*** INFORMATION SUPPLIED Section Begins ***

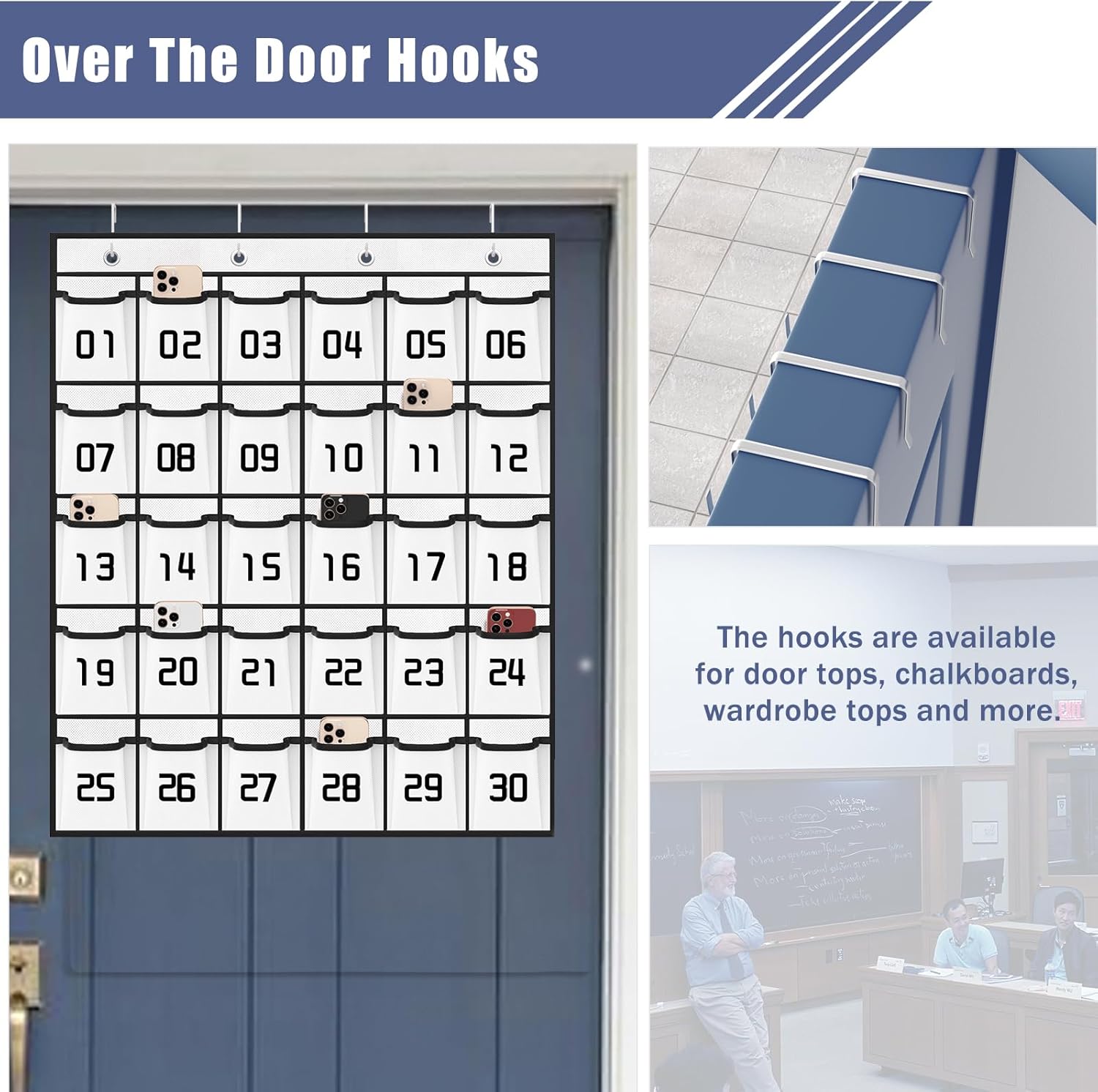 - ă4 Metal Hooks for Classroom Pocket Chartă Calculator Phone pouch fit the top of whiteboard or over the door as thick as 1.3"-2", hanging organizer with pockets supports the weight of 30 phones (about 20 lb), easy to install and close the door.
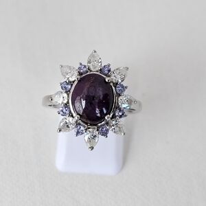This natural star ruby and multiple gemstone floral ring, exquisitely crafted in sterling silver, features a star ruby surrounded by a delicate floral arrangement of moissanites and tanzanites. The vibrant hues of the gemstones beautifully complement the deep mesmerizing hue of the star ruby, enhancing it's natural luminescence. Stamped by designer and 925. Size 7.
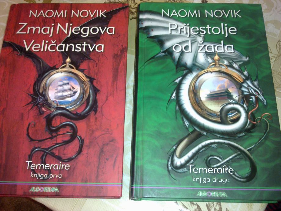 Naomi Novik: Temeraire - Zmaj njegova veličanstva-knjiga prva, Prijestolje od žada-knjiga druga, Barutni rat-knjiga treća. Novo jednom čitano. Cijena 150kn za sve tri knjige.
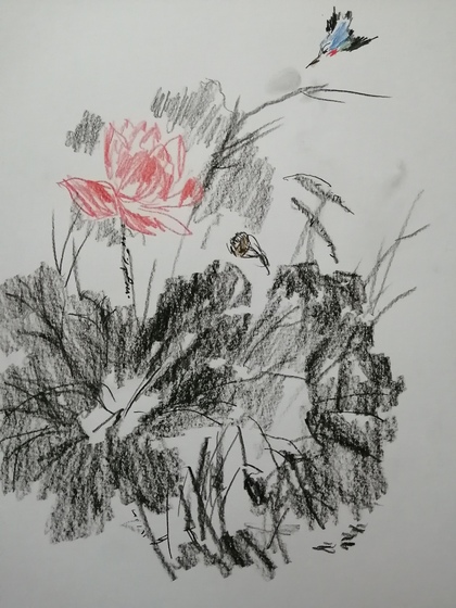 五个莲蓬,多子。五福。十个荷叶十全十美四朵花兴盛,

*** INFORMATION SUPPLIED Section Ends ***

■ **TASK GOAL**: Except for the pictures, the whole listing above should be transcribed exactly.

■ **TASK SOLUTION**:
 - ă4 Metal Hooks for Classroom Pocket Chartă Calculator Phone pouch fit the top of whiteboard or over the door as thick as 1.3"-2", hanging organizer with pockets supports the weight of 30 phones (about 20 lb), easy to install and close the door.
This natural star ruby and multiple gemstone floral ring, exquisitely crafted in sterling silver, features a star ruby surrounded by a delicate floral arrangement of moissanites and tanzanites. The vibrant hues of the gemstones beautifully complement the deep mesmerizing hue of the star ruby, enhancing it's natural luminescence. Stamped by designer and 925. Size 7.
 Naomi Novik: Temeraire - Zmaj njegova veličanstva-knjiga prva, Prijestolje od žada-knjiga druga, Barutni rat-knjiga treća. Novo jednom čitano. Cijena 150kn za sve tri knjige.
 五个莲蓬,多子。五福。十个荷叶十全十美四朵花兴盛,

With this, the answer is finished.